(Items from a dataset)

•••

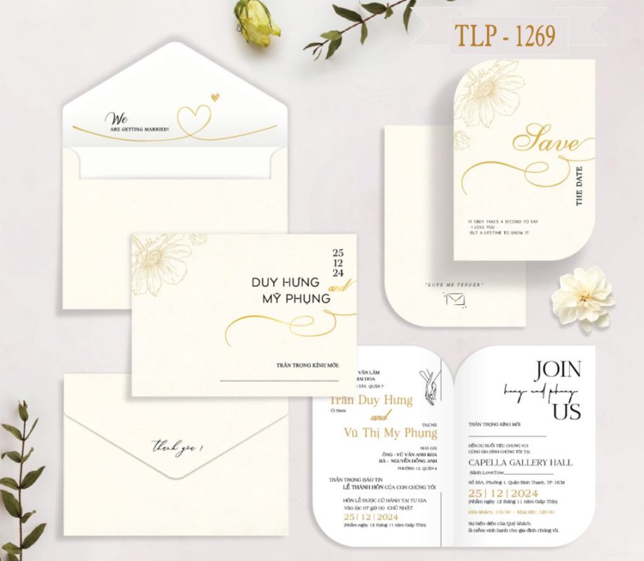 Dòng thiệp cưới hiện đại khổ ngang nắp chéo, ruột bo cánh bướm đẹp, giấy mỹ thuật dày in offset + ép kim
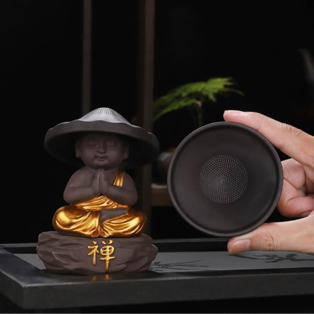 和尚紫砂茶漏|創意紫砂茶漏茶寵 全陶瓷一件式過濾網茶濾 茶具配件小和尚禪意擺件 茶寵 茶道 茶隔 茶器配件 茶寵 濾茶 過濾
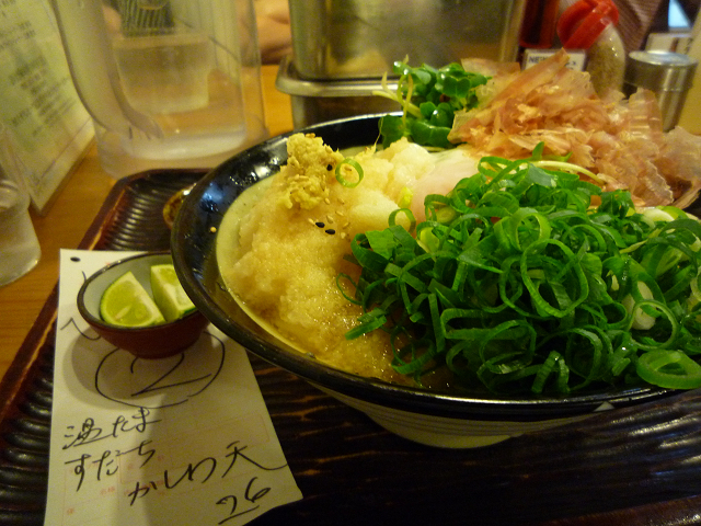 【ぶっかけ<冷>大盛<大>・かしわ天・温泉卵・すだち 完食】
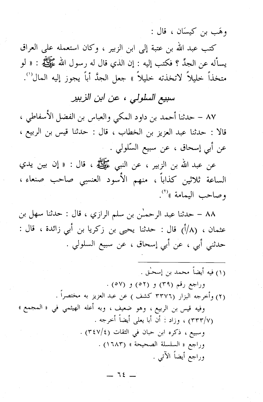 87 - حَدَّثَنَا أَحْمَدُ بن دَاوُدَ الْمَكِّيُّ، وَالْعَبَّاسُ بن الْفَضْلِ الأَسْفَاطِيُّ، قَالا: حَدَّثَنَا عَبْدُ الْعَزِيزِ بن الْخَطَّابِ، قَالَ: حَدَّثَنَا قَيْسُ بن الرَّبِيعِ، عَنْ أَبِي إِسْحَاقَ، عَنْ سُبَيْعٍ السَّلُولِيُّ، عَنْ عَبْدِ اللَّهِ بن الزُّبَيْرِ، عَنِ النَّبِيِّ صَلَّى اللَّهُ عَلَيْهِ وَسَلَّمَ، قَالَ:"إِنَّ بَيْنَ يَدَيِ السَّاعَةِ ثَلاثِينَ كَذَّابًا، مِنْهُمُ الأَسْوَدُ الْعَنْسِيُّ صَاحِبُ صَنْعَاءَ، وَصَاحِبُ الْيَمَامَةِ". حَدَّثَنَا عَبْدُ الرَّحْمَنِ بن سَلْمٍ الرَّازِيُّ، قَالَ: حَدَّثَنَا سَهْلُ بن عُثْمَانَ، قَالَ: حَدَّثَنَا يَحْيَى بن زَكَرِيَّا بن أَبِي زَائِدَةَ، قَالَ: حَدَّثَنِي أَبِي، عَنْ أَبِي إِسْحَاقَ، عَنْ سُبَيْعٍ السَّلُولِيِّ،@
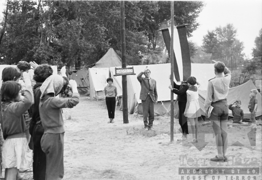 ifjúsági mozgalmi élet nyaralás úttörőtábor sátor zászló Fonyód Somogy megye Magyarország 1962 Bakó JenőFotó részletei
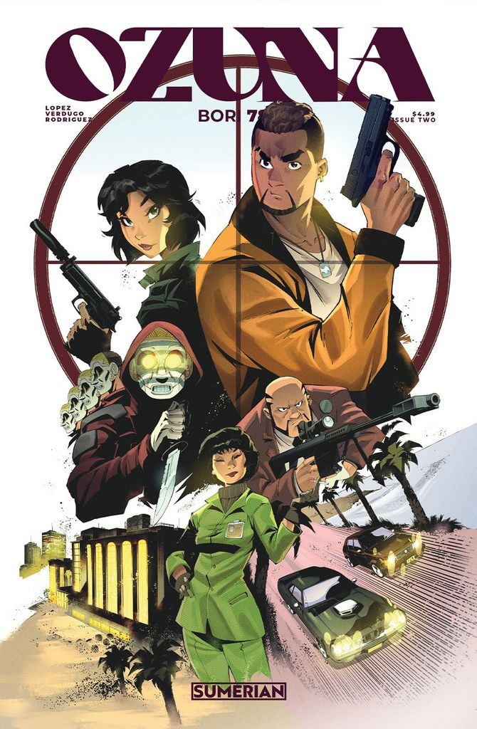 Series artist Pablo Verdugo, who has designed covers for IDW's Teenage Mutant Ninja Turtles, cover and interiors for Mad Cave's Hollywood Trash, and his own series, Mr. Beaver, from Action Lab. Ozuna, the global superstar and one of the best selling Latin artists of all time is Agent 787! 787 gets a trip down memory lane and ultimately declines an offer to join a new clandestine agency. But the growing riot during the protest against the statehood referendum threatens the integrity of Condado. Nothing can keep 787 from protecting his people.
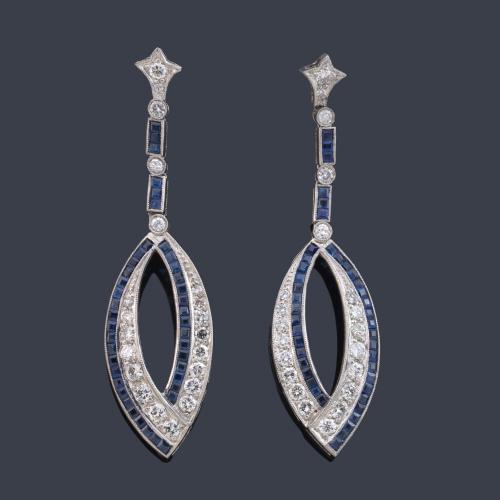 Pendientes largos con brillantes de aprox. 3,20 ct en total y zafiros calibrados de aprox. 2,50 ct.
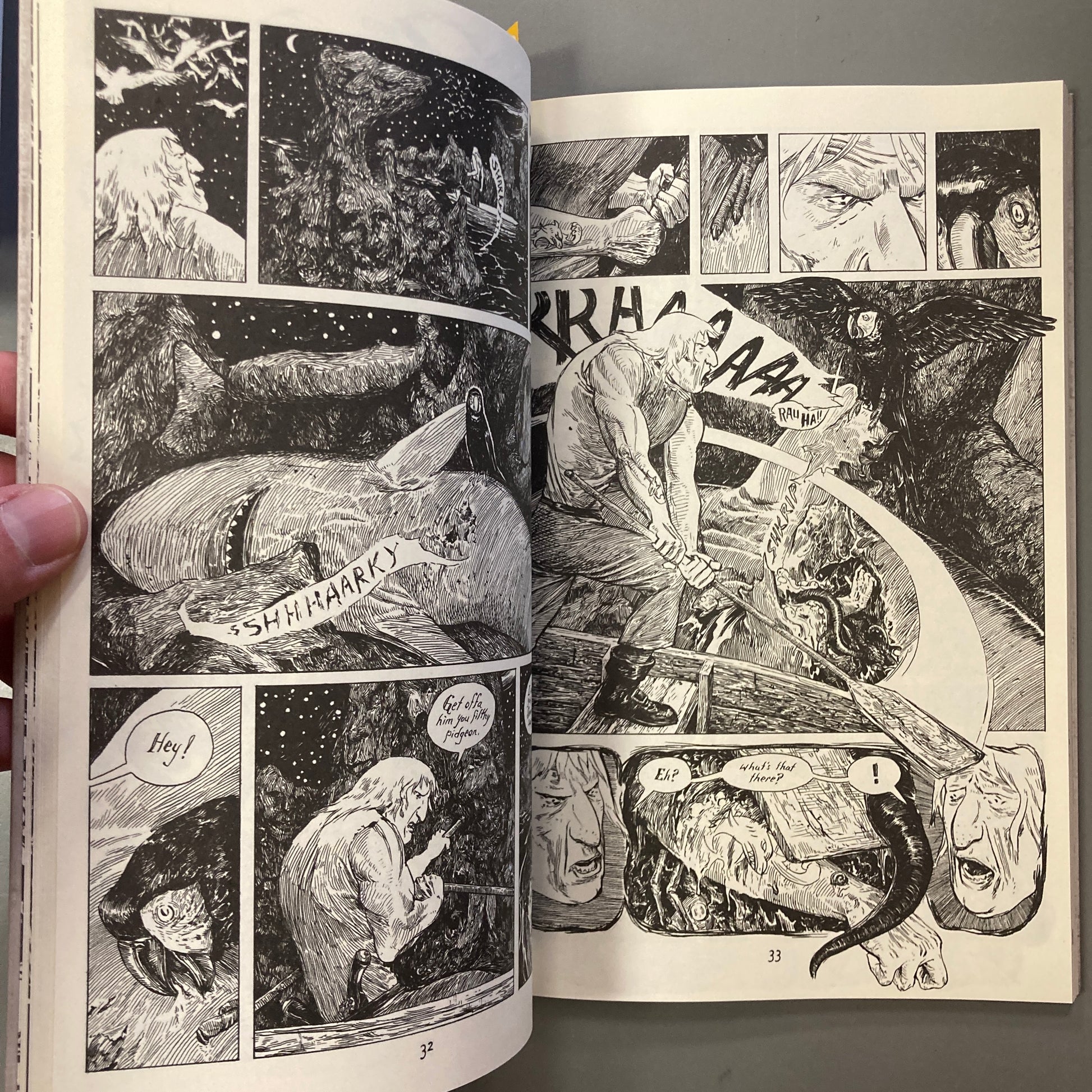 Available for the first time ever in a softcover trade paperback, Jeremy A. Bastian’s beautiful, astonishingly detailed line work is on display in volume one of his magnus opusCursed Pirate Girl, a black-and-white original graphic novel series about a girl on a quest in search of her father.

•••

All of the records above should be returned exactly, though the pictures should not.

Answer box:
 Dòng thiệp cưới hiện đại khổ ngang nắp chéo, ruột bo cánh bướm đẹp, giấy mỹ thuật dày in offset + ép kim
 和尚紫砂茶漏|創意紫砂茶漏茶寵 全陶瓷一件式過濾網茶濾 茶具配件小和尚禪意擺件 茶寵 茶道 茶隔 茶器配件 茶寵 濾茶 過濾
 【ぶっかけ<冷>大盛<大>・かしわ天・温泉卵・すだち 完食】
 87 - حَدَّثَنَا أَحْمَدُ بن دَاوُدَ الْمَكِّيُّ، وَالْعَبَّاسُ بن الْفَضْلِ الأَسْفَاطِيُّ، قَالا: حَدَّثَنَا عَبْدُ الْعَزِيزِ بن الْخَطَّابِ، قَالَ: حَدَّثَنَا قَيْسُ بن الرَّبِيعِ، عَنْ أَبِي إِسْحَاقَ، عَنْ سُبَيْعٍ السَّلُولِيُّ، عَنْ عَبْدِ اللَّهِ بن الزُّبَيْرِ، عَنِ النَّبِيِّ صَلَّى اللَّهُ عَلَيْهِ وَسَلَّمَ، قَالَ:"إِنَّ بَيْنَ يَدَيِ السَّاعَةِ ثَلاثِينَ كَذَّابًا، مِنْهُمُ الأَسْوَدُ الْعَنْسِيُّ صَاحِبُ صَنْعَاءَ، وَصَاحِبُ الْيَمَامَةِ". حَدَّثَنَا عَبْدُ الرَّحْمَنِ بن سَلْمٍ الرَّازِيُّ، قَالَ: حَدَّثَنَا سَهْلُ بن عُثْمَانَ، قَالَ: حَدَّثَنَا يَحْيَى بن زَكَرِيَّا بن أَبِي زَائِدَةَ، قَالَ: حَدَّثَنِي أَبِي، عَنْ أَبِي إِسْحَاقَ، عَنْ سُبَيْعٍ السَّلُولِيِّ،@
 ifjúsági mozgalmi élet nyaralás úttörőtábor sátor zászló Fonyód Somogy megye Magyarország 1962 Bakó JenőFotó részletei
 Series artist Pablo Verdugo, who has designed covers for IDW's Teenage Mutant Ninja Turtles, cover and interiors for Mad Cave's Hollywood Trash, and his own series, Mr. Beaver, from Action Lab. Ozuna, the global superstar and one of the best selling Latin artists of all time is Agent 787! 787 gets a trip down memory lane and ultimately declines an offer to join a new clandestine agency. But the growing riot during the protest against the statehood referendum threatens the integrity of Condado. Nothing can keep 787 from protecting his people.
 Pendientes largos con brillantes de aprox. 3,20 ct en total y zafiros calibrados de aprox. 2,50 ct.
 Available for the first time ever in a softcover trade paperback, Jeremy A. Bastian’s beautiful, astonishingly detailed line work is on display in volume one of his magnus opusCursed Pirate Girl, a black-and-white original graphic novel series about a girl on a quest in search of her father.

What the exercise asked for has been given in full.